There is a lot of archaeological evidence pointing to MUCH older origins for humans in North and South America than a Bering Strait crossing supports.
Who's right? The archaeologists? Was man here as far back as 50,000 years ago, 30,000 years ago or 14,000 years ago? Archaeologists claim evidence of human occupation for each of these dates - and dates in-between. For sake of argument, are all of the artifacts identified as Clovis, a particular style of artifact and date-range well-established and generally accepted in the archaeological community as correct, WRONG by 3,000 or more years?
Or are the DNA scientists correct, pointing to a single population cross Bering Strait 11,000-10,000 years ago as being the ONLY ancestors of ALL Indian populations in North, Central and South America?
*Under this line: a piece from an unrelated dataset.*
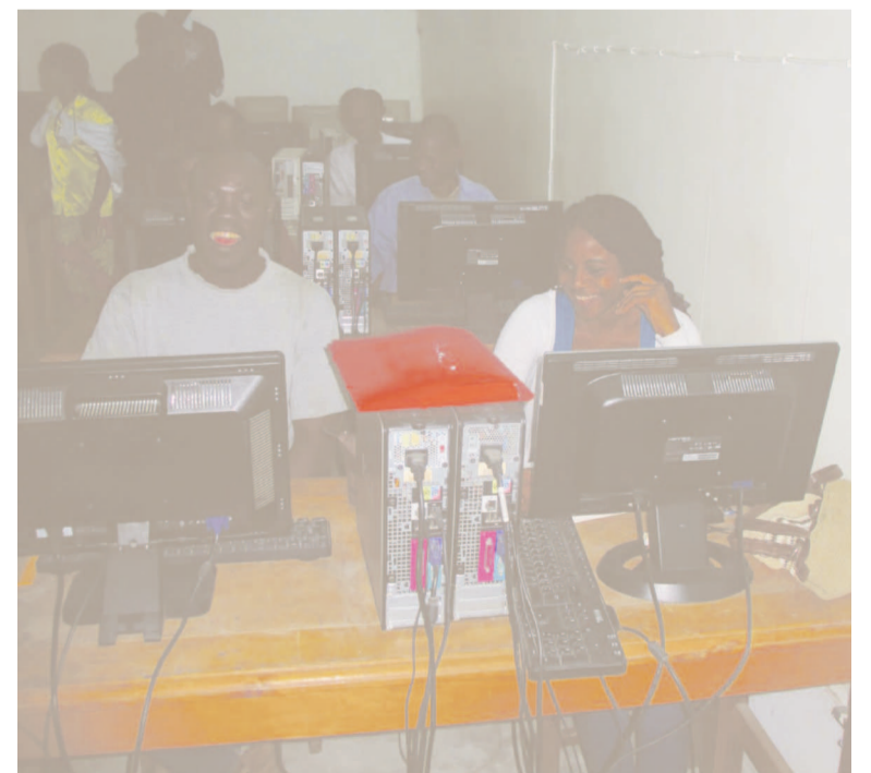
Des participants au séminaire d'initiation et de perfectionnement à l'informatique dispensé par l'AIP.

né la quintessence de cette activité : « L'informatique occupe aujourd'hui une place de choix dans notre société, rien ne se fait sans elle, ici nous formons tout le monde, des travailleurs, des enfants et nous les aidons à développer le génie qui est en eux à travers des techniques

Did absolutely everyone who arrived on the shores of North, Central and South America before those who crossed the Bering Strait die out, leaving absolutely no trace of their DNA in today's Indian populations? How else can the archaeological evidence be explained? Are ALL of the archaeologists and ALL of their accumulated evidence wrong?
If archaeological evidence supports the existence of settlers in North and South America that predate DNA evidence for the ancestors of the current Native Americans, then aren't the descendants of those earlier deceased original settlers the REAL heirs to claims for rights to North, Central and South American real estate, etc. etc.? And would not the claims of the heirs of those earlier settlers trump the claims asserted by present Native American tribes claiming sovereignty and property rights, etc. etc. in North, Central and South America?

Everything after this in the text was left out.